Default value of --dataset is modified inside train.py directly. Batch size and train_crop_size depends on your device's available memory.

Evaluation model:

python "${WORK_DIR}"/eval.py \
  --logtostderr \
  --eval_split="val" \
  --model_variant="xception_65" \
  --atrous_rates=6 \
  --atrous_rates=12 \
  --atrous_rates=18 \
  --output_stride=16 \
  --decoder_output_stride=4 \
  --eval_crop_size=<MAX_HEIGHT_PLUS> \
  --eval_crop_size=<MAX_WIDTH_PLUS> \
  --checkpoint_dir="${TRAIN_LOGDIR}" \
  --eval_logdir="${EVAL_LOGDIR}" \
  --dataset_dir="${MVD_DATASET}" \
  --max_number_of_evaluations=1

Visaulize the prediction:

python "${WORK_DIR}"/vis.py \
  --logtostderr \
  --vis_split="val" \
  --model_variant="xception_65" \
  --atrous_rates=6 \
  --atrous_rates=12 \
  --atrous_rates=18 \
  --output_stride=16 \
  --decoder_output_stride=4 \
  --vis_crop_size=<MAX_HEIGHT_PLUS> \
  --vis_crop_size=<MAX_WIDTH_PLUS> \
  --checkpoint_dir="${TRAIN_LOGDIR}" \
  --vis_logdir="${VIS_LOGDIR}" \
  --dataset_dir="${MVD_DATASET}" \
  --max_number_of_iterations=1

Note: <MAX_HEIGHT_PLUS> and <MAX_WIDTH_PLUS> depends on the maximum resolution of your dataset. The following should be satisfied: <MAX_HEIGHT_PLUS> = output_stride * k + 1. The default value, 513, is set for PASCAL images whose largest image dimension is 512. We pick k = 32, resulting in eval_crop_size = 16 * 32 + 1 = 513 > 512. Same for <MAX_WIDTH_PLUS>.
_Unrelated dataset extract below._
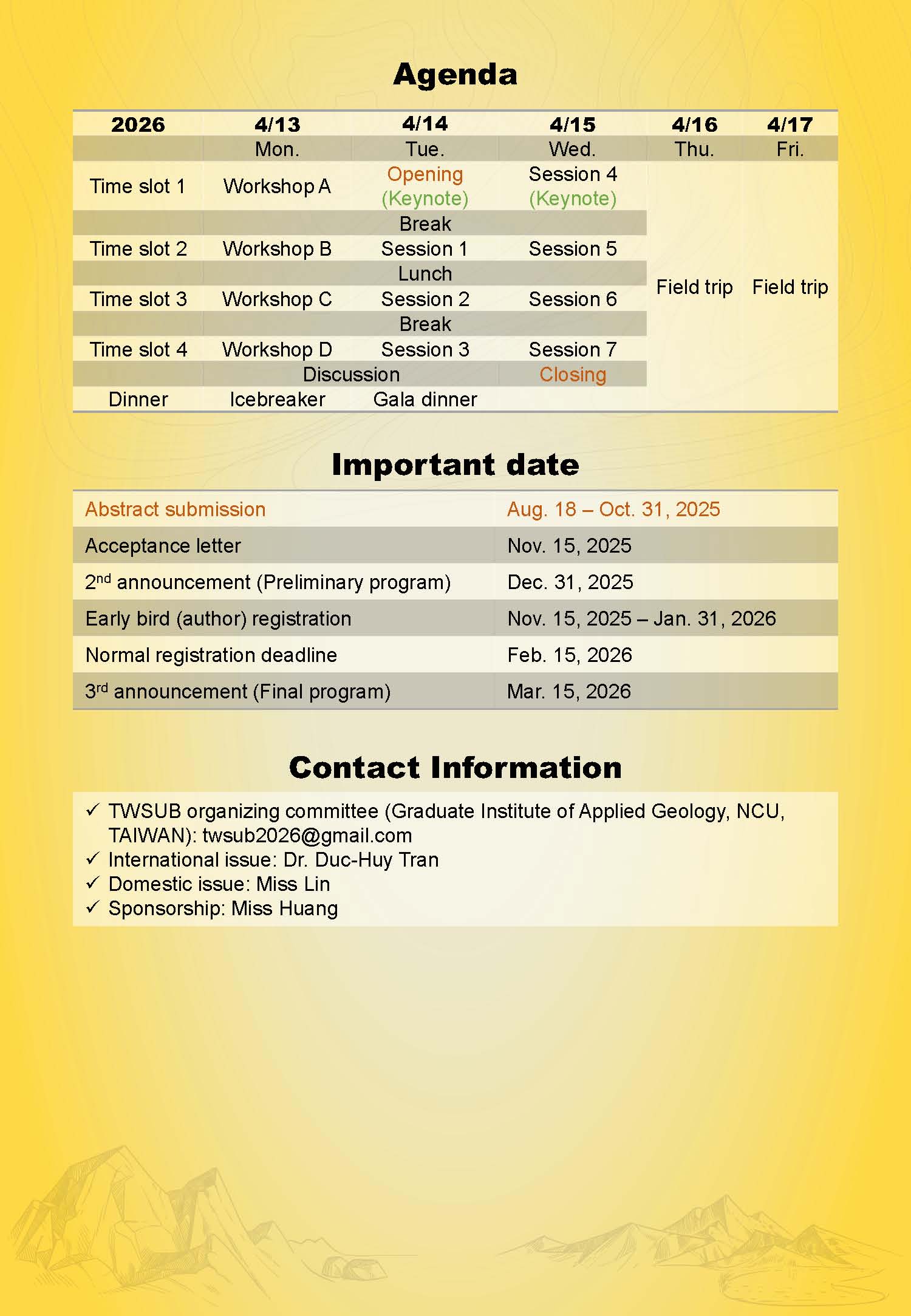 2026台灣國際地層下陷會議相關內容可於徵稿通知中詳閱。若有會議相關問題可與王士榮副教授聯繫(03-422-7151 #65870; twsub2026@gmail.com);若有贊助或廣告意願,亦可直接與黃小姐聯繫(03-422-7151 #65851),本研討會提供摘要集與手冊內頁廣告、會場內簡報輪播,以及限量廠商展覽攤位等方案。

============================================================================

Original Documentation by Google TensorFlow DeepLab Developers:

DeepLab: Deep Labelling for Semantic Image Segmentation

DeepLab is a state-of-art deep learning model for semantic image segmentation, where the goal is to assign semantic labels (e.g., person, dog, cat and so on) to every pixel in the input image. Current implementation includes the following features:

  1. DeepLabv1 [1]: We use atrous convolution to explicitly control the resolution at which feature responses are computed within Deep Convolutional Neural Networks.

  2. DeepLabv2 [2]: We use atrous spatial pyramid pooling (ASPP) to robustly segment objects at multiple scales with filters at multiple sampling rates and effective fields-of-views.

  3. DeepLabv3 [3]: We augment the ASPP module with image-level feature [5, 6] to capture longer range information. We also include batch normalization [7] parameters to facilitate the training. In particular, we applying atrous convolution to extract output features at different output strides during training and evaluation, which efficiently enables training BN at output stride = 16 and attains a high performance at output stride = 8 during evaluation.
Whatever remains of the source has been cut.